It runs locally, stores durable knowledge on your disk, and tries very hard to stay out of your agent's way until you actually need it.
Most AI clients already have some form of short-term memory. They remember the current conversation, maybe a few rules you've set, and that's about it. What they don't give you is a place to park things that should outlive the session — the architectural decision you made last week, the one weird build command for this repo, the gotcha that bit you three times in a row.
memory-mcp-lite is that place.
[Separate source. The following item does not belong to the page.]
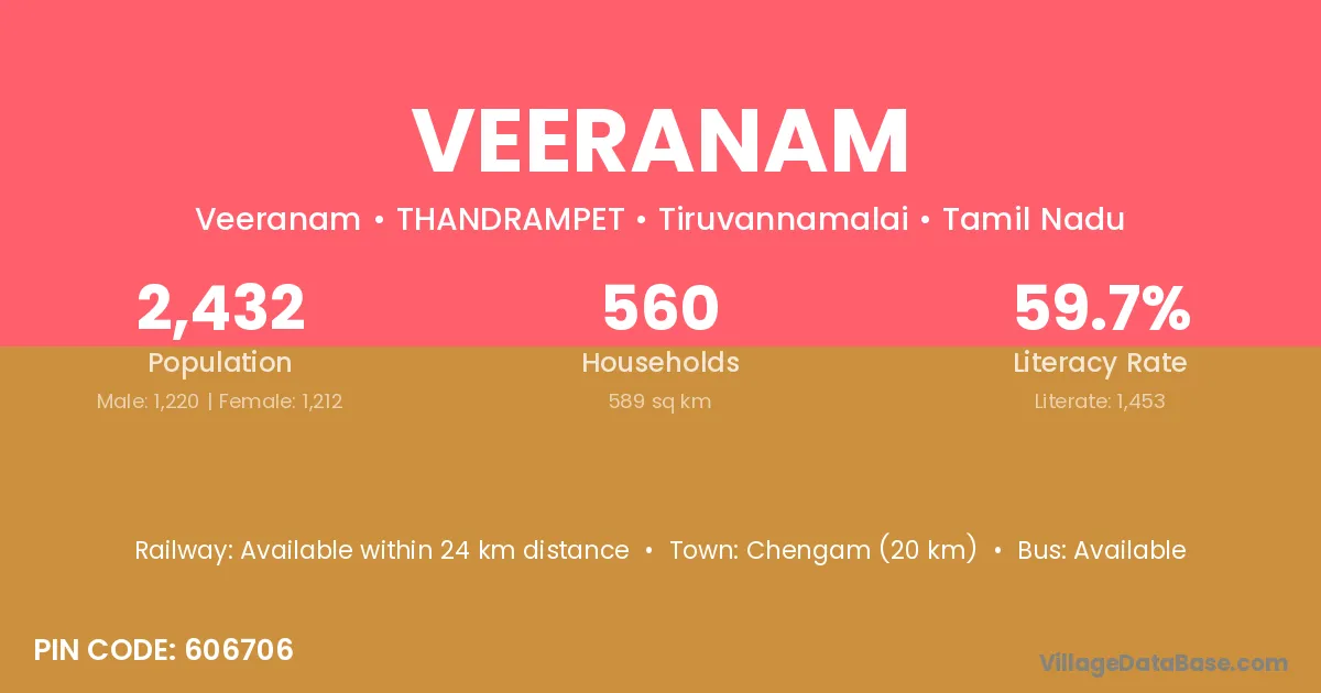 The literacy rate of Veeranam village is 72.71%. Male literacy stands at 77.10% and female literacy at 67.97%.

It stores:
It deliberately does not store raw chat transcripts, replace your client's built-in rules, run embeddings or vector search, or need a server or cloud connection.
Memory lives in a tree:
global
└── project
├── [project_summary]
└── task
├── [task_summary]
└── atomic // decision | fact | gotcha | command | link | convention
On top of the tree you can draw optional graph-lite edges between any two nodes — related_to, depends_on, affects, caused_by, supersedes, references. Handy when one decision obsoletes another, or a gotcha only matters in the context of a specific command.
The retrieval side is built to be cheap. The server's instructions push agents through three stages, from least to most expensive:
Stage 1 — summaries get_global_summary / get_project_summary / get_task_summary
│
▼ (only if summaries aren't enough)
Stage 2 — FTS5 light search search_memory_light → compact candidates
│
▼ (only for the 1–3 most relevant hits)
Stage 3 — full detail get_memory_detail
In practice this means your agent asks for a summary first, and only pays for the big payload when it has a specific reason to. If you skip this policy, you just end up dumping a bunch of stringly-typed JSON into context for no reason.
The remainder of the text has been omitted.